'Var olan yöntemlerin dışına çıkılması...'

Cumhurbaşkanı Erdoğan'ın 'çözüm odaklı' siyasetinin özeti, yıllar önce bir okulda kara tahtaya yazdığı sözle özetlenebilir: "Oku, düşün, uygula ve neticelendir."

İktidara geldiği yıllarda "Beni temel atma törenlerine davet etmeyin, açılışlara davet edin. Çünkü biz yıllarca üzerlerine ot bitmiş temeller gördük" dedi.

Bu tutumunu da sürdürdü.

Zaman zaman katıldığı temel atma törenleri de oldu.

Ancak her birinde, projenin bitiş zamanını erkene aldırdı ve açılış tarihini takip etti.

İstisnaları varsa, bütünün içinde yüzde teşkil etmez.

"Başladığı işi bitirmeden bırakmaz" güveni buradan gelir.

Bu hafta Dışişleri Bakanı Hakan Fidan'ın Arnavutluk, Bulgaristan ve Romanya'dan oluşan Balkan ziyaretinde verdiği mesajlara bakınca bu ilkesel tutumu gördüm.

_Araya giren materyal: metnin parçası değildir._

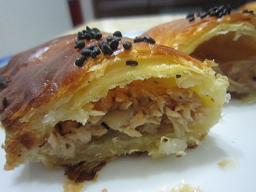 切開來看看鮪魚餡.派皮超級酥的.黑芝麻烤過後也更香.當然裡頭的鮪魚也是超級好吃的
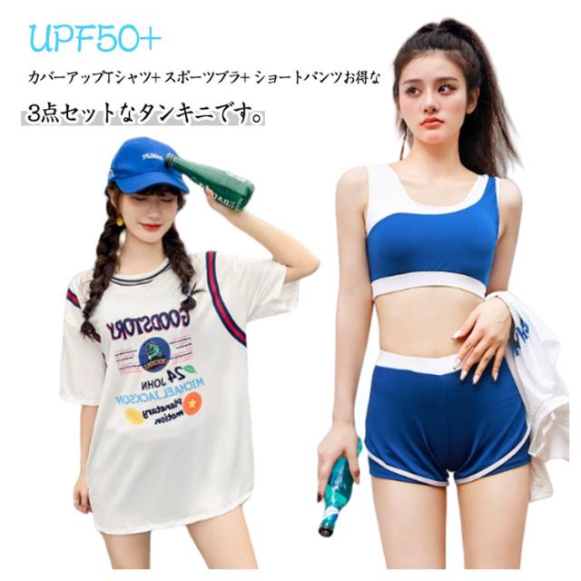 | カバーアップTシャツ+ スポーツブラ+ ショートパンツお得な3点セットなタンキニです。 泳ぐ、くつろぐ、お散歩など、海辺や水辺での様々な着こなしを楽しめるセットです。 派手になりすぎず、シンプル且つワンポイント、カラーで大人可愛いを演出するデザイン! また、気になる体型もさりげなくカバーすることができます。 軽くて通気性がいい。紫外線からお肌をしっかりガードUPF50+。 海水浴、プール、ビーチ、リゾート、デートに♪ | |
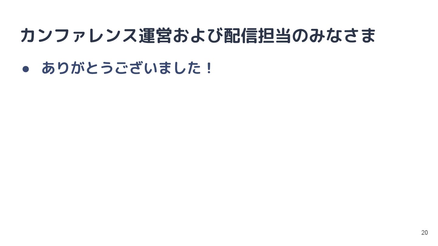カンファレンス運営および配信担当のみなさま • ありがとうございました! 20
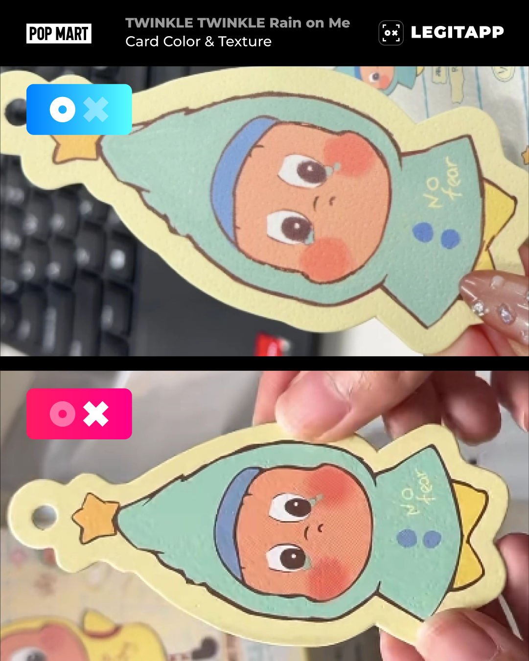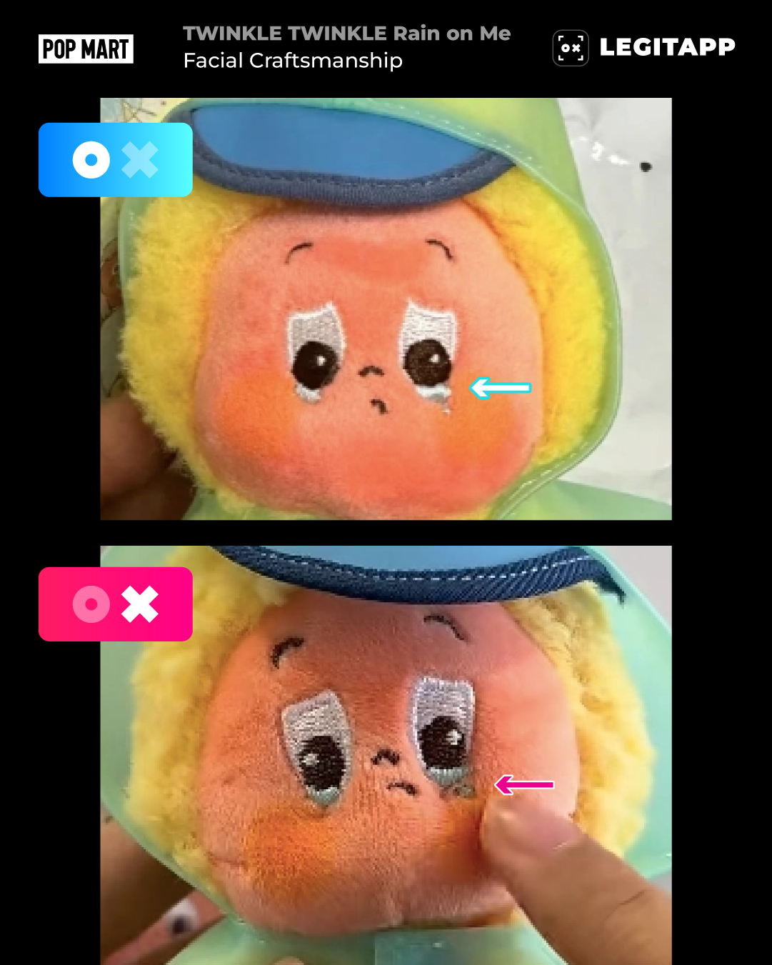 The TWINKLE TWINKLE “Rain on Me” plush pendant is part of POP MART’s whimsical Twinkle Twinkle lineup, featuring soft textures paired with weather-inspired elements like rain hats and cozy details. Its gentle color palette and cute character styling have made it a favorite among collectors. As with many popular blind box releases, replicas have surfaced. Below are some areas to examine when verifying authenticity.
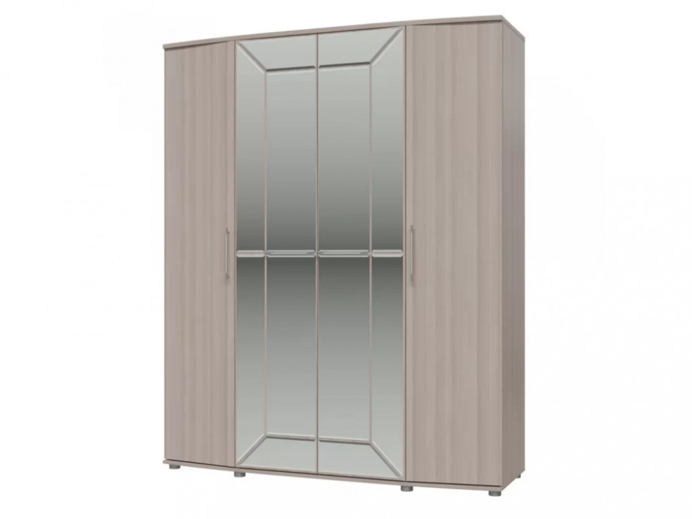 Шкаф с распашными дверями, с двух сторон отделение с тремя антресольными полками и горизонтальными штангами под ними. В центре шкаф украшают зеркала из 12-ти сегментов, внутри расположены антресольная полка, горизонтальная штанга и нижняя полка.

Fidan, Arnavutluk'ta, İsrail'in evlerini, su, sağlık ve enerji altyapılarını yok ettiği Gazze'deki 2 milyon insana 'insani yardım' yapılmasını da engellediğine işaret etti ve şu ifadeyi kullandı:

"Uluslararası kamuoyunu 'daha farklı yöntemler kullanarak' rehin alınmış 2 milyon insanın açlıkla ve salgın hastalıkla yok edilmesini önleyici tedbirler almaya davet ediyorum."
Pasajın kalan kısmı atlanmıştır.